Every once in a while I get it from just the right manicure or pedicure (when I'm not worried about how much it's going to cost) and I've gotten it from lying under a sun so hot I can feel sweat splash off my eyelashes and there have been sun dappled afternoons in the car with maybe elvis playing on the stereo as the trees flashed by and I just felt like putting my whole head out the window of the car and lapping at the breeze like a dog. Music, drugs, backrubs, booze.
I suppose it's called relaxation.
I never feel that way anymore. Maybe after a long really good run.
You feel scrubbed out. Tired, but free. Weightless. Calm. The things you say are funny. The world loves you. You can breathe.

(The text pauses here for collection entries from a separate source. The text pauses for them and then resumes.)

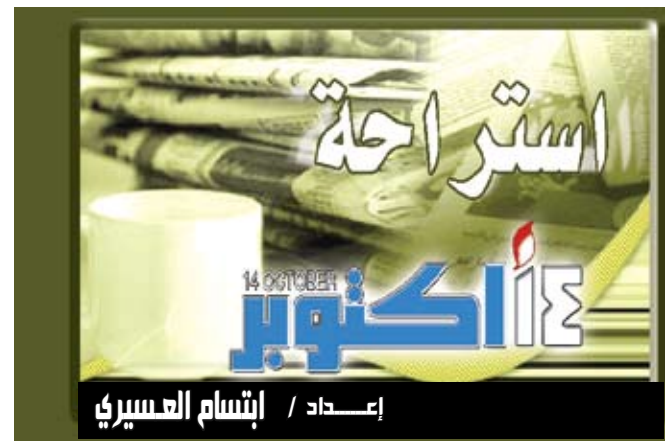
إعداد / إنشام العسيري

موسكو / متابعات : أعلن وزير تكنولوجيا المعلومات والاتصالات الروسي ليونيد ريمان أن بلاده ستحقق قريبا طفرة كبيرة في مجال تطوير خدمة الإنترنت اللاسلكية. وقال ريمان في حديث للصحافيين على هامش منتدى الإنترنت في روسيا إن ذلك سيحقق في العام المقبل. ونسبت وكالة الأنباء الروسية إلى ريمان إشارته إلى وجود عدد من
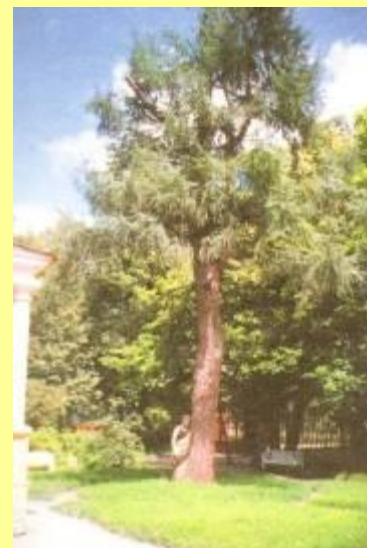
Лиственница, посаженная А. С.Пушкиным осенью 1833 г.
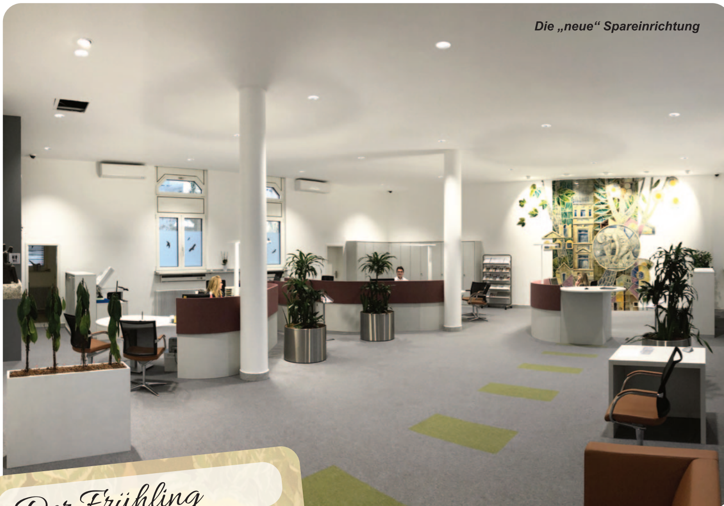
Die „neue“ Spareinrichtung

I thought about this for three or four days and worried over it because that's just how I am and also I thought I had pretty much figured out the secret of life. That we're all just trying to get even maybe back to the womb or since we can't do that, we;'re just trying to find some comfort, some peace, some relaxation, even five month babies are just gnawing away on their own fists trying to get high and feel happy. And so yesterday over pizza and beer I looked at Mr. E sideways and said "Do you ever think we're all just looking for something in life that we can't ever find, do you ever think in this life we're all just searching for a peace we can never quite grasp, and we're just trying to get back to our childhoods because that was the closest we ever got?" and as I said the words I realized the full import of what I was telling him and how I had finally figured it all out and how now he would finally realize just how fucked up I was and the world was and how his son would be someday be too and he looked back at me and just said. "Duh."
And so amazingly sometimes I do find that peace I am looking for, right there across the table from me, in this person who doesn;t take me and all my seventh grade angsty shit too seriously. And who really does know how fucked up I am and who doesn't care. Who even likes it. And loves it, and loves me. Not just anyway. But also because.
Happy Anniversary, Mr. E.
Thank you for being in this together with me.